Methods: We used CRC patients from the cBioPortal database (TCGA studies) with complete clinicopathologic and somatic genomics data. We determined the rate of pathogenic/likely pathogenic variants in five (5) LS genes (MLH1, MSH2, MSH6, PMS2, EPCAM), and the BRAF mutations using a pre-designed bioinformatic annotation pipeline. Annovar, Intervar, Variant Effect Predictor (VEP), and OncoKB software tools were used to functionally annotate and interpret somatic variants detected. The OncoKB precision oncology knowledge base was used to provide information on the effects of the identified variants. We scored the clinicopathologic and somatic genomics data automatically using a machine learning model to discriminate between likely-LS and sporadic CRC cases.
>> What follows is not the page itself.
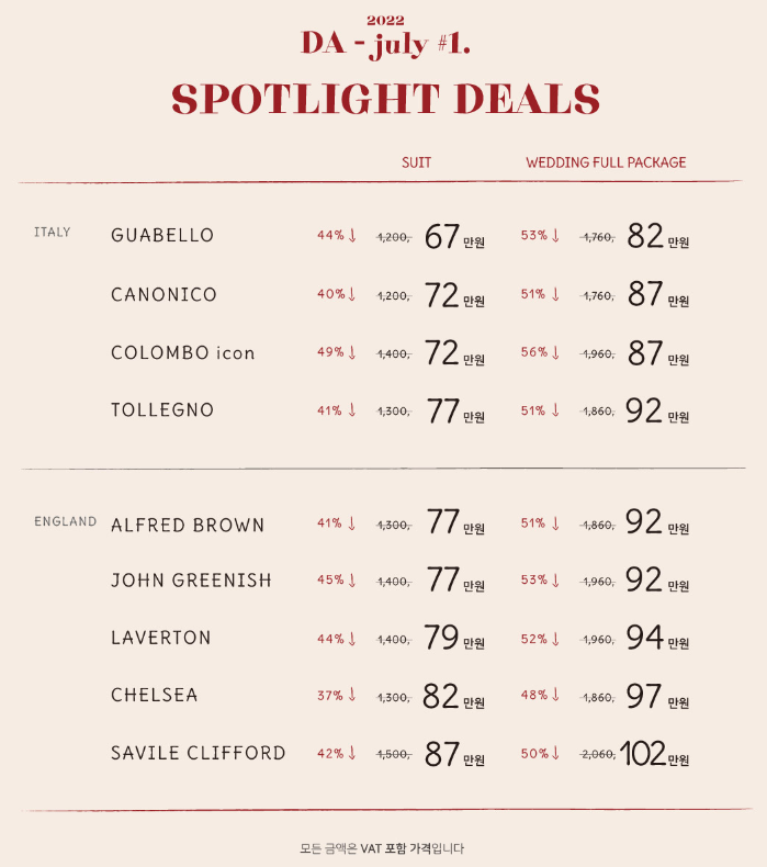 이태리 까노니코 원단 웨딩풀패키지B + 비스포크 제작: 87만원 + 35만원 = 122만원

The training and testing datasets comprised of 80% and 20% of the total CRC patients, respectively. Group regularisation methods in combination with 10-fold cross-validation were performed for feature selection on the training data.
Results: Out of 4800 CRC patients frorm the TCGA datasets with clinicopathological and somatic genomics data, we ascertained 524 patients with complete data. The scoring model using both clinicopathological and genetic characteristics for likely-LS showed a sensitivity and specificity of 100%, and both had the maximum accuracy, area under the curve (AUC) and AUC for precision-recall (AUCPR) of 1. In a similar analysis, the training and testing models that only relied on clinical or pathological characteristics had a sensitivity of 0.88 and 0.50, specificity of 0.55 and 0.51, accuracy of 0.58 and 0.51, AUC of 0.74 and 0.61, and AUCPR of 0.21 and 0.19, respectively.
Conclusions: Simultaneous scoring of LS clinicopathological and somatic genomics data can improve prediction and ascertainment for likely-LS from all CRC cases. This approach can increase accuracy while reducing the reliance on expensive direct germline testing for all CRC patients, making LS screening more accessible and cost-effective, especially in resource-limited settings.